Em Brasília (justamente lá), roubaram o som de meu Corsa em janeiro de 2005, quando visitava o Meninão. Como não arrebentaram a porta do carro, não estragaram alarme, fizeram um serviço limpo, respeitando a todos os plugues, sem quebrar nada, caí de joelhos e rezei um palavrão:

- Esses ladrões são bons pra cara...

Sempre valorizamos o ter em detrimento do ser nessa sociedade capitalista. Quem tem carrão, consegue mulher facilmente; quem anda bem vestido, é chamado de doutor. Basta dizer que tem um canavial para ser respeitado. As propagandas só mostram gente bem-sucedida...

Os ladrõezinhos, que antes eram meninos ou meninas pobres, aprenderam bem a lição. Querem ter, mas nunca deram àquelas criaturas a oportunidade de exercerem o consumismo, resolveram fazer justiça com as próprias mãos e em benefício próprio. Se políticos fazem, por que eles não? Uma lição aqui, uma rejeição acolá, e a aprendizagem foi se completando.

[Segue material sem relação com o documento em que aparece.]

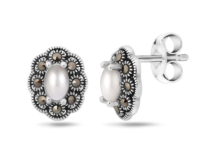 Серьги, арт.656509 Серебро Серебро 925, 2,15 гр., марказит , перламутр

As pessoas que cuidavam de mausoléus e túmulos de parentes, entrevistadas pela reportagem da TV Tem, lamentaram, dizendo que não tinham mais lugares para pôr as flores e queimar velas.

Na verdade, estão pagando o preço pela ostentação. Quiseram mostrar requinte mesmo na guarda dos restos mortais dos parentes (usando bronze), por isso foram vítimas dos ladrões. Não levaram nada das sepulturas simples, com apenas uma cruz, flores de plástico e plaqueta com o último RG do falecido.

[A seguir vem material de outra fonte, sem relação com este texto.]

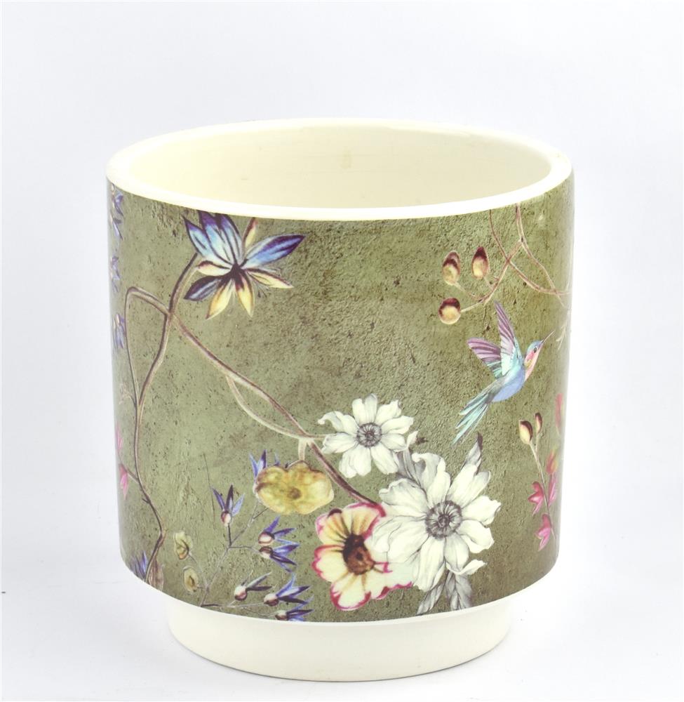 GREEN PLANTER WITH FLOWRES MEDIUM Ceramic Φ12*12.5

Até aí, tudo bem. A vida é assim mesmo, mas alguém reivindicou mais segurança no cemitério. Então, esse cronista se arrepiou. Todos os brasileiros, classes média e alta, querem que o governo lhes dê três soldados a tiracolo por 24 horas (três turnos). Agora pedem também segurança para os mortos?

A nossa segurança está no outro, à medida que o incluamos, tornamos seu irmão, amigo e camarada! Como é difícil entender isso... Sou amigo de todos para me proteger, cacete!

Um comentário:

Ventura Picasso disse...

Júnior Teixeira, perdeu a mãe há onze anos, e resolveu fazer algo diferente. Entre túmulos de famosos, como Chico Xavier e anônimos como milhares que estão no cemitério São João Batista, ele construiu uma torre de trinta e um metros de altura. Com vidros coloridos, fotos, mensagens, bonitas peças e flores, tudo para demonstrar amor à sua falecida mãe, pois ameniza a saudade. Ele conta que gosta de chegar lá e se sentir bem, não pensando na morte como algo triste.

- Em vida como foi o convívio com a coroa? Trinta e um metros muito bom p/lhe cair nacabeça. Idiota...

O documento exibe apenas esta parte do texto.